Is it safe to paste data into ChatGPT for analysis?
Only if your company policy explicitly permits it and the data isn't confidential, regulated, or personally identifiable. For most work data, anonymize first: replace names with IDs, remove email addresses, and use fake values for anything sensitive. When in doubt, paste only the column structure and a few fake sample rows, then describe the real data in plain text.
Can AI write SQL queries for me?
Yes, and it's reasonably good at it. Give it the table name, column names with data types, and the exact question you're trying to answer. Always test AI-generated SQL on a sample or non-production environment first. Check row counts, verify joins aren't multiplying records, and confirm date filters are doing what you think.

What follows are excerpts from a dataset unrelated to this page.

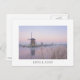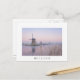 Cartão-postal de uma paisagem de conto de fadas com moinhos de vento velhos à luz pastel macia de um nascer do sol de inverno com gelo no rio e geada nas sementes de uma manhã fria em Kinderdyke, Países Baixos com uma fronteira branca e o texto "Holanda".
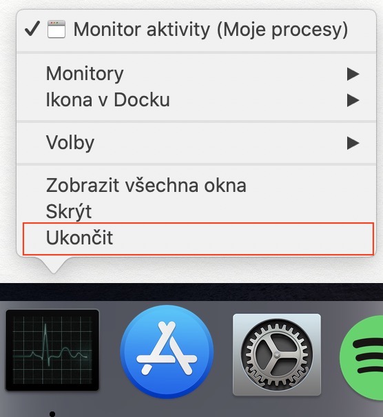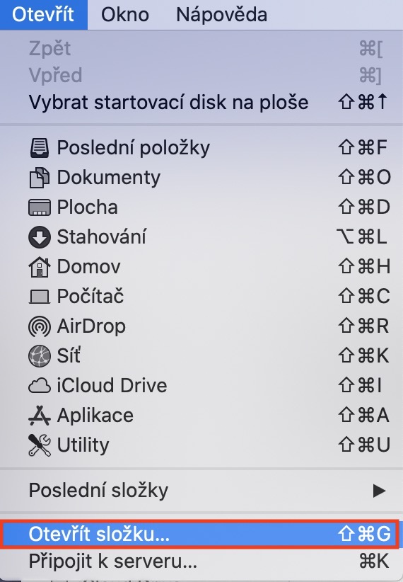 Ještě před tím, než se pustíme do „brutálnějšího“ řešení problému, spusťte Monitor aktivity, a poté v horní liště klepněte na záložku Zobrazení. Zde si zkontrolujte, zdali máte zaškrtnutou položku Sloupce. Pokud ano, tak postupujte dále ve čtení. Nyní je nutné, abyste aplikaci Monitor aktivity kompletně ukončili. Toho docílíte tak, že v Docku klepnete na ikonu Monitoru aktivity pravým tlačítkem (dvěma prsty), a poté zvolíte možnost Ukončit. Po ukončení se přesuňte do aktivního okna aplikace Finder, a poté v horní liště klepněte na záložku Otevřít. Z menu poté vyberte možnost Otevřít složku…, popřípadě můžete využít klávesové zkratky Shift + Command + G. Poté se zobrazí malé okno, do kterého vložte následující cestu: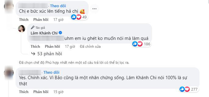 Dưới phần bình luận, khi một người bạn hỏi thăm rằng: "Chị em bức xúc lên tiếng hả chị?", Lâm Khánh Chi cũng nói thêm: "Ừ em yêu, ghét không muốn nói mà làm quá".

Will AI make up statistics or benchmarks in my analysis?
It can, and it will do so confidently. Never ask AI to supply benchmarks, industry averages, or external comparisons unless you can verify them independently. Ask it to flag where it's making assumptions rather than stating facts. Treat any number that didn't come from your own dataset as unverified until you find a primary source.
What tasks is AI actually useful for in data analysis?
Writing formulas, generating SQL, cleaning messy columns, explaining what a chart shows, drafting summary memos, and checking for data quality issues are all genuinely useful. Deciding which metric matters, interpreting whether a pattern is meaningful for your business, and making the final recommendation are still on you. AI speeds up the mechanical parts. The judgment parts are your job.